#### [DIRECTIONS FOR THIS TASK]
Drop every picture. Then return, exactly, the lines from the beginning of the listing below through the one containing "Once the beef".

#### [SUPPLIED MATERIAL]
____________

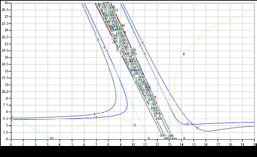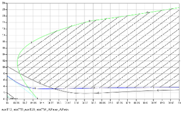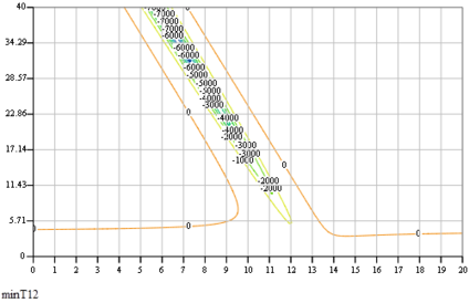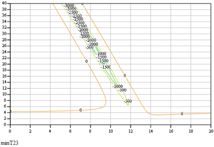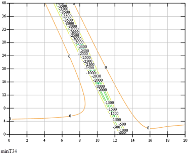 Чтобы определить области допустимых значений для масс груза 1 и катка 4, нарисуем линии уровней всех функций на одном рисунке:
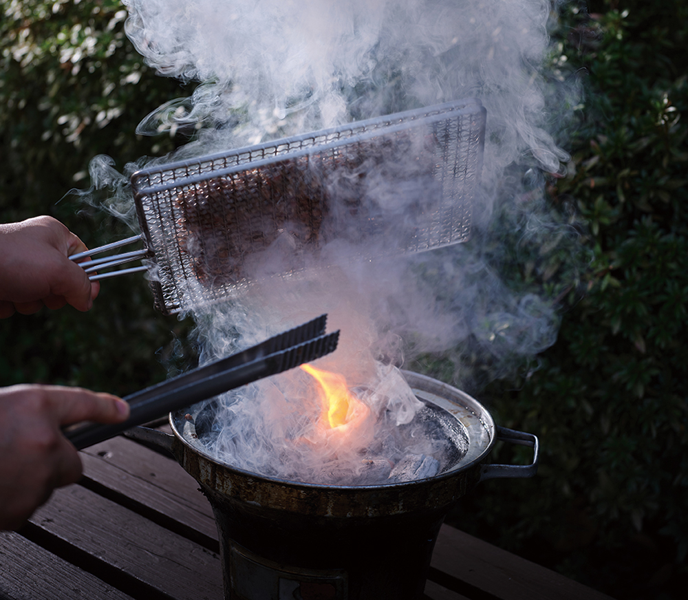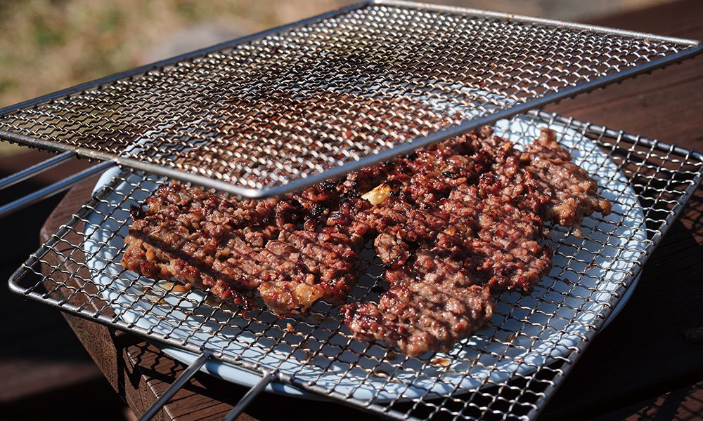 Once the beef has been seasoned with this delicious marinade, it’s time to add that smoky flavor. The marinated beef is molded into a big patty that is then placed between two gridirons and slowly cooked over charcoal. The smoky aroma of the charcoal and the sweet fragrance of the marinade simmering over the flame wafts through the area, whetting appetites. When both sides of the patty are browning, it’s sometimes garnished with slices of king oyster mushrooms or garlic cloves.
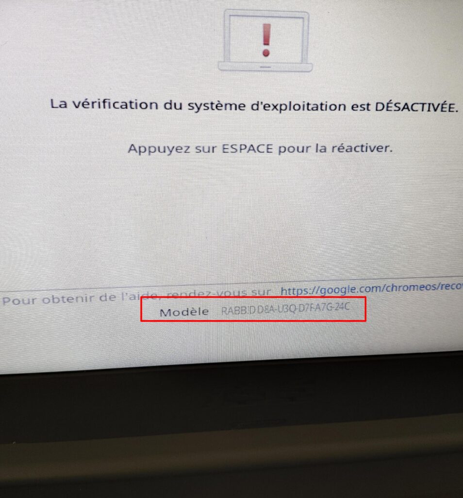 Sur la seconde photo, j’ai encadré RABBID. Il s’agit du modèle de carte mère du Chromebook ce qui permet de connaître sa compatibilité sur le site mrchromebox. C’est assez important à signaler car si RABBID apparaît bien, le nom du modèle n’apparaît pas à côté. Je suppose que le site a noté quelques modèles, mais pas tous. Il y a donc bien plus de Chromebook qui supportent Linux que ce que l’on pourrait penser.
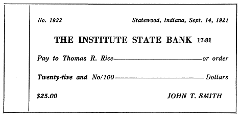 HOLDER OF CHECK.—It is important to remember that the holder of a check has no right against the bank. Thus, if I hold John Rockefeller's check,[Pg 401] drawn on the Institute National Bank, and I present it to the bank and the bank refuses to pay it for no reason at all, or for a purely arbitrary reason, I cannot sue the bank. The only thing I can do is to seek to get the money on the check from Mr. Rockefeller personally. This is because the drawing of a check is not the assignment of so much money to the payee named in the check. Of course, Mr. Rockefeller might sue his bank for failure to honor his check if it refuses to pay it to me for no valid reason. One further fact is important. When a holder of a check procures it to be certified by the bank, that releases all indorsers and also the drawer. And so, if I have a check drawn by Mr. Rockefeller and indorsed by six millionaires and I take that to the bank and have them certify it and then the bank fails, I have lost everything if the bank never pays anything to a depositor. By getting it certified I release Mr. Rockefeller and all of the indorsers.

____________

#### [OUTPUT FOR THIS EXERCISE]
 Чтобы определить области допустимых значений для масс груза 1 и катка 4, нарисуем линии уровней всех функций на одном рисунке:
 Once the beef has been seasoned with this delicious marinade, it’s time to add that smoky flavor. The marinated beef is molded into a big patty that is then placed between two gridirons and slowly cooked over charcoal. The smoky aroma of the charcoal and the sweet fragrance of the marinade simmering over the flame wafts through the area, whetting appetites. When both sides of the patty are browning, it’s sometimes garnished with slices of king oyster mushrooms or garlic cloves.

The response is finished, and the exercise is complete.